TOKiMONSTA reflects on finding her place in electronic music, her joyful new album ‘Eternal Reverie,’ and a decade of supporting fresh artists on Young Art Records.

Ana Yglesias

11 min •
Mar 10, 2025
TO Ki MONSTA Artist of the Month Beatport

"Making music is such a vibe. Once you start, it can be as simple as a great sample and the right drums. It's not even really a song yet, but you know where that song can end up, you know it's gonna be a banger," TOKiMONSTA tells us from her Los Angeles home studio.

"That hype fuels the energy until you take it as far as you can take it… It's such a rush when you're making a song and you can carry that energy."

That enrapturing creative flow (fueled in part by ADHD hyper-focus) propelled much of the process of making her seventh studio album, Eternal Reveriewhich comes across in its exuberance and playfulness. The joyful project, which she dropped on March 7 on her Young Art Records, sees her embrace her roots while expanding and blossoming. The album is euphoric, confident and filled with dreamy, buoyantly lush beats, exploring more dance-floor-oriented BPMs while coming full-circle by collaborating once again with Gavin Turek and Anderson .Paak and celebrating sampling.

There is no title track, instead, the opening track "Eternal" moves from atmospheric to propulsive, hinting that the album will be both dreamy and danceable. "Reverie," on the back half of the album, is the chill wave soundtrack to walking through a dreamscape or, perhaps, assuredly making your dreams come true, step-by-step, as TOKiMONSTA has in her 16-plus year career. “Reverie is this idea of being in a constant state of dreaming. Music has this way to take you away from your reality, just like a dream,” she explains in the album's press release.

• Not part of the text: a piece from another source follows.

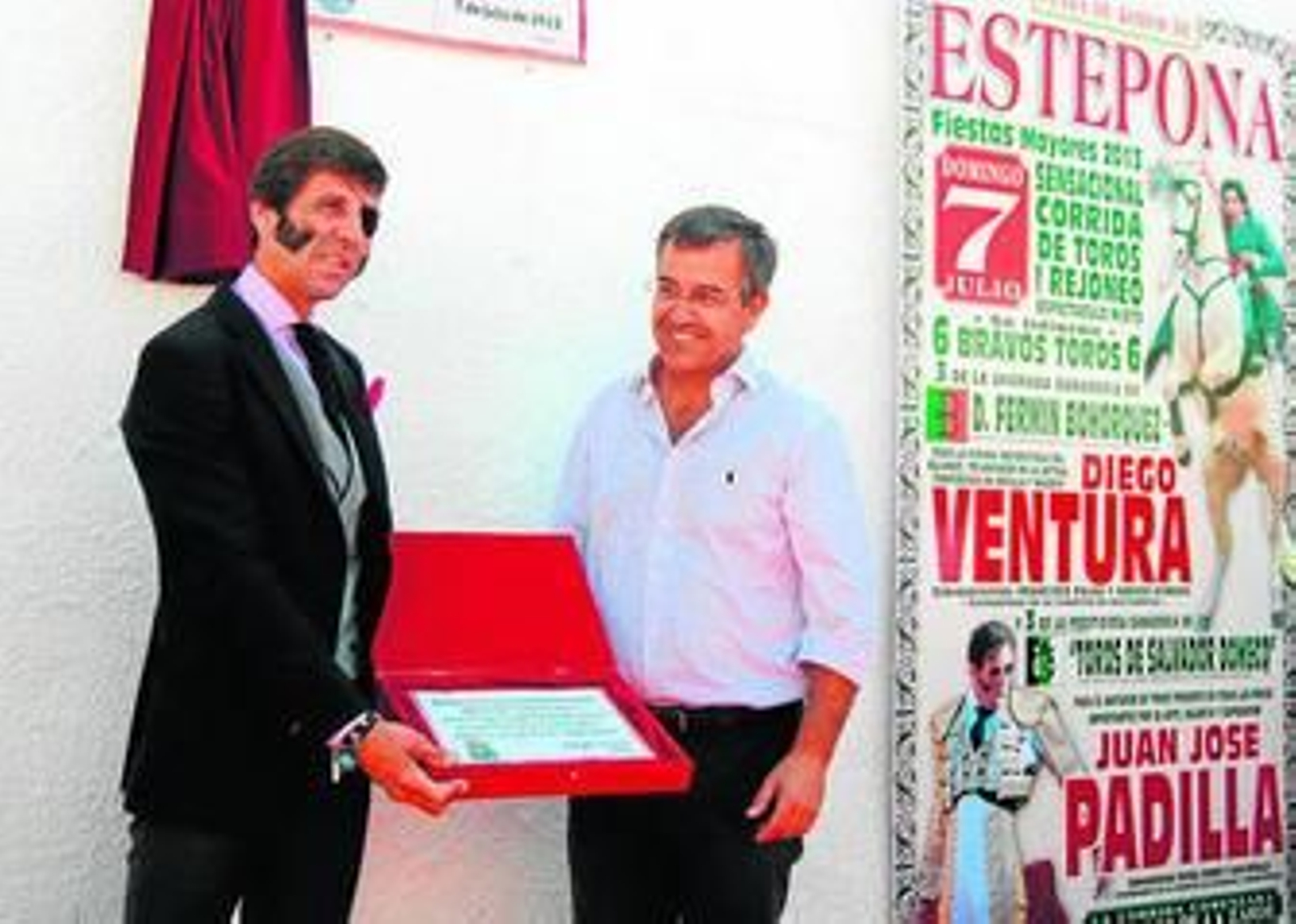 El alcalde de Estepona, José María García Urbano, entregó ayer una placa al torero Juan José Padilla, en reconocimiento a su "valentía" y "espíritu de superación". El regidor destacó la capacidad del diestro a la hora de enfrentarse a la recuperación de la cogida que sufrió en Zaragoza en octubre de 2011. García Urbano subrayó la implicación y entrega que el torero tuvo con la ciudad el año pasado, cuando salió por la puerta grande tras torear en la Feria y Fiestas de Estepona. Así, indicó que "la ciudad, con el acto de hoy [por ayer], le devuelve el cariño y le reconoce su esfuerzo profesional".

While TOKiMONSTA has offered a unique, recognizable sound from the start, Lee is ever-moving, ever-evolving and ever-curious. As the long-time Los Angeles-based artist born Jennifer Lee aptly claims, this is "a new chapter in TOKiMONSTA." She took time off the road to create Eternal Reverie, and during it, reconnected with what first got her excited to make beats. This reignited the creative flame within her and has led her to a voracious musical output which hasn't slowed down.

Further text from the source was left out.